Under the provisions of C. S., sec. 6780, subd. 1, the legislature has provided for attachment in two distinct •classes of cases. The affidavit provided for is different in each class. In neither class is one required to state the facts stated in the other class. The first class of cases is where the debt has not been secured. There the affidavit must state “that the payment of the same has not been secured by any mortgage or lien upon real or personal property or any pledge of personal property.” This is the class of case covered by Knutsen v. Phillips, supra. The other class is where the debt has been secured and there the affidavit must state the fact that security has been given and also that such security has, without any act of the plaintiff or the person to whom the security was given, became valueless. In this latter class it is not necessary to state that the debt “has not been secured by any mortgage or lien upon real or personal property or any pledge of personal property.” In the case of Vollmer v. Spencer, 5 Ida. 557, at page 561, 51 Pac. 609, this court says: “When a mortgage has been given to secure a debt and the creditor thereafter sues to recover the debt, he must, in order to have the benefit of an attachment, state in his affidavit therefor that such mortgage was given and that such security has, without any act of the plaintiff or person to whom it was given, become valueless. ’ ’

In the ease of Heaton v. Panhandle Smelting Co., 32 Ida. 146, 179 Pac. 510, this court said: “That the statute provided for two distinct grounds for attachment and the affi*61davit should cover but one of such grounds.” In the ease last above quoted the affidavit covered both grounds and for that reason, the affidavit being in the alternative, was held to be bad. In the instant case it is insisted that the affidavit is bad because it fails to state that there was no security other than that contained in the chattel mortgage which had not been exhausted. Even if this be required, we think the affidavit does clearly show it. In the ease last above cited it was held to be bad because it was impossible to ascertain therefrom whether security for the debt had been given or if given, had, without any act of the plaintiff or person to whom it was given, become valueless. In this ease it is clear that the security given had all been exhausted and that there was no other. The purpose of the legislature in providing for amendments to affidavits on attachment is not in harmony with the technical construction sought to be placed upon the language used in the amended affidavit under consideration. The intent of the legislature as expressed in the statute is therefore defeated by judicial construction.

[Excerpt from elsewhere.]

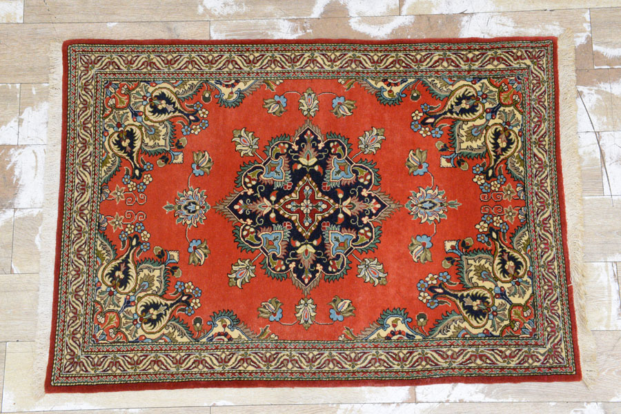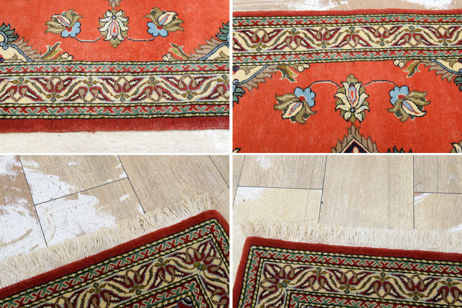 ----------------------------------------------------------------------------------------- ●送料や注意事項は必ずご確認下さい。落札後にトラブルになるケースが増えております。● ◆コンディションは写真・文章にて記載して有りますが、全てのキズの写真は掲載致しておりません。大きなダメージを除き見落とし、記載漏れが有る事はご了承下さい。 ◆当サイトにて出品する商品は多種多彩で、当方商品知識の無い物も多数ありますので落札後の質問やメンテナンス等にはお答えできません。 ◆入札された時点で、画像、文章をご理解していただいたものと判断させていただきます。不明な点は前もってQ&Aからお願い致します。入札後の質問やお電話等でのキャンセルは一切受け付け致しません。 ◆商品説明に「ノークレーム」と記載しているものに関しては、如何なる状況で届いても保証致しません。詳しくは注意事項の「商品到着後について」の最後に記載しておりますのでご確認下さい。 ---------------------------------------------------------------------------------------- 房にシミ、汚れ、表面凹んでる所、その他チリ残り、薄汚れありますが、中古品としては美品と言えるキレイなお品です。 当方でクリーニング等はしておりません。 サイズ 幅125×81.5㎝(房含む) 厚1㎝ | ||
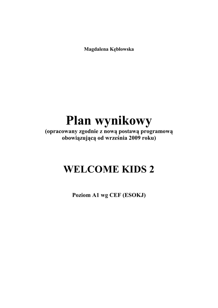 Magdalena Kębłowska Plan wynikowy (opracowany zgodnie z nową postawą programową obowiązującą od września 2009 roku) WELCOME KIDS 2 Poziom A1 wg CEF (ESOKJ) Wstęp 1. Czym jest plan wynikowy Powtarzając za H. Komorowską, za podstawową zmianę, jaka powinna dokonać się w systemie edukacji w Polsce, naleŜy uwaŜać „ukierunkowanie działań dydaktycznych na osobę ucznia, a nie na osobę nauczyciela” (2000:5)1. Plan wynikowy, który określa o c z e k i w a n e o s i ą g n i ę c i a u c z n i ó w po przerobieniu danej partii materiału, znakomicie spełnia ten warunek i pozostaje w zgodzie z postulatem podejścia skoncentrowanego na uczniu (learner-centeredness). Tak skonstruowany, stanowi nieocenioną pomoc w wielu aspektach pracy nauczyciela. Po pierwsze, pozwala zaplanować zajęcia, przygotować dodatkowe materiały i ćwiczenia, pomoce wizualne, tematy prac projektowych itp. zarówno na najbliŜszy tydzień, jak i na cały rok szkolny, a nawet na koniec danego etapu edukacyjnego. W ten sposób przyczynia się do bardziej spójnego i lepiej zorganizowanego procesu dydaktycznego. Po drugie, jest szczególnie przydatny przy opracowywaniu testów i kartkówek, poniewaŜ pomaga wyznaczyć właściwe kryteria oceny. Dzięki temu moŜe się równieŜ okazać pomocny w kontaktach nauczyciela z rodzicami, dla których jasno sformułowane w planie wynikowym umiejętności i wiedza są bardziej czytelne niŜ spis treści w języku obcym w podręczniku. Rodzice mogą się takŜe zainteresować planem wynikowym, by wiedzieć, jak pracować z dzieckiem w domu, czy jakie materiały mu dostarczyć, by wspomóc pracę nauczyciela, a tym samym przyczynić się do większej niezaleŜności ucznia. Sami uczniowie, zwłaszcza na wyŜszych poziomach, mogą docenić plan wynikowy przy wytyczaniu i realizowaniu swoich celów. Wreszcie będzie plan wynikowy wskazówką dla nauczycieli innych przedmiotów w procesie integracji wiedzy i umiejętności. 1 Komorowska, H. 2000. „Nowe tendencje w nauczaniu języków obcych.” W: Komorowska, H. (red.). 2000. Nauczanie języków obcych w zreformowanej szkole. Warszawa: IBE. 2 2. Plan wynikowy do podręcznika Welcome Kids 2 (Podręcznik ucznia, Zeszyt ćwiczeń ucznia, Zestaw płyt CD) 2.1. Cele podręcznika Welcome Kids 1 jest przeznaczony do nauczania dzieci wczesnoszkolnych. Zasadniczym celem podręcznika jest nauka słów oraz prostych struktur gramatycznych zaprezentowanych w nieskomplikowanych dialogach. Dzieci mają okazję do rozwoju podstawowych umiejętności komunikacyjnych w prostych konwersacjach z kolegami, a bliska uczniowi tematyka kursu (np. rodzina, szkoła, zabawki) sprzyja wyraŜaniu ich uczuć, myśli i pragnień. Welcome Kids 2 koncentruje się na rozwoju sprawności słuchania i mówienia oraz uczy pisania i czytania prostych wyrazów, a następnie całych zdań i krótkich, prostych tekstów. 2.2. Organizacja Planu PoniŜszy plan wynikowy podzielony został na u m i e j ę t n o ś c i r e c e p t y w n e, a więc związane ze słuchaniem i czytaniem, a takŜe z bierną znajomością słów, wyraŜeń lub zwrotów, oraz p r o d u k t y w n e, czyli co uczeń potrafi powiedzieć czy narysować. Te ostatnie podzielono z kolei na n i e w e r b a l n e (rysowanie, kolorowanie, wycinanie kształtów) oraz w e r b a l n e (wypowiadanie słów, krótkich zdań, zadawanie pytań i udzielanie odpowiedzi). Zgodnie z zasadą integracji sprawności, w czasie jednej jednostki lekcyjnej, a nawet pojedynczych ćwiczeń, wiele zadań będzie wymagało zarówno udziału umiejętności receptywnych (np. słuchania), jak i produktywnych (np. zaznaczenia odpowiedniego obrazka). W takich wypadkach daną umiejętność przyporządkowano do sprawności bardziej złoŜonej i wymagającej intelektualnie większego wysiłku ze strony ucznia. W celu ułatwienia nauczycielowi określenia właściwych kryteriów oceny postępów dzieci Plan proponuje zastosowanie kategoryzacji wg taksonomii prof. Niemierki w odniesieniu do umiejętności receptywnych oraz produktywnych werbalnych. I tak jako kategorię A oznaczono zapamiętywanie i rozpoznawanie wiadomości zwłaszcza leksykalnych (np. dziecko potrafi rozpoznać usłyszane nazwy zwierząt) oraz odtworzyć z pamięci słówka, wierszyki czy piosenki. Umiejętności zakwalifikowane do kategorii B wymagają myślenia, a więc dla dziecka w wieku 6-9 lat będą obejmowały np. nazywanie ludzi, zwierząt itp. na obrazku, rozumienie pytań i udzielanie odpowiedzi na podstawie wzoru lub podanych informacji, uzupełnianie zdań na podstawie obrazka itp. Kategoria C to stosowanie wiadomości w określonych sytuacjach komunikacyjnych. Znajdziemy 3 tu czytanie i słuchanie ze zrozumieniem (np. dialogu, piosenki) oraz umiejętności związane z komunikacją ustną i pisemną w sytuacjach, kiedy dziecko samo decyduje o wyborze treści, a nie jedynie powtarza lub odwzorowuje przykłady z podręcznika (np. opisuje narysowany przez siebie obrazek, odpowiada na pytania o swoje umiejętności itp.). Plan proponuje takŜe rozwój umiejętności na p o z i o m i e p o d s t a w o w y m, a więc odpowiednim dla przeciętnego ucznia, oraz oddzielnie wyszczególnionym p o z i o m i e p o n a d p o d s t a w o w y m, skierowanym do ucznia bardziej samodzielnego, znajdującego się na poziomie wyŜszym niŜ przeciętny. Dodatkowo dla lepszej przejrzystości planu podano osobno i gramatyczne k a t e g o r i e l e k s y k a l n e dla kaŜdego modułu. Pamiętać jednak naleŜy, iŜ na tym etapie nauczania zarówno słownictwo, jak i gramatyka powinny być realizowane w ramach opisanych powyŜej umiejętności (które je uwzględniają), nie zaś jako odrębne kategorie. Pod tabelą z umiejętnościami ucznia umieszczono tabelę z wytycznymi Podstawy programowej, które moŜna realizować w ramach danego modułu. Zawiera ona szereg istotnych elementów, dzięki którym proces nauczania/ uczenia się staje się bardziej aktualn

The order of the trial court denying the motion to quash the writ of attachment is affirmed. Costs awarded to respondent.

McCarthy and Lee, JJ., concur. DUNN, J.

"While I adhere to the views expressed on the first rehearing, my inclination is to hold, regardless of the sufficiency of the affidavit, that respondent, having taken security for the debt due it and having had the benefit of such security, is not entitled to attach. The clear intent of the legislature, in my opinion, was, in the first instance, to' deny the right of attachment to a plaintiff who had taken security for a debt due him, but to make an exception in favor of a plaintiff when his security had become valueless without his act or that of the person to whom the security was given. There are many ways in which security might become valueless, some of which are suggested in the opinion of Chief Justice Rice, such as physical destruction of the *62property, removal from jurisdiction of the court, etc. It was to protect the plaintiff against such misfortunes as these and many others that might occur to his security without his act or that of the person to whom the security was given that the law made the exception mentioned, entitling him to attach after he had taken security for his debt. To hold that one who has had security and has realized on it by the sale of the debtor’s property comes within the expression that his “security has become valueless” is to place a construction upon such language wholly unwarranted, it seems to me. No such understanding can be had if we confine ourselves to the ordinary meaning of the words used in subdivision 1 of section 6780.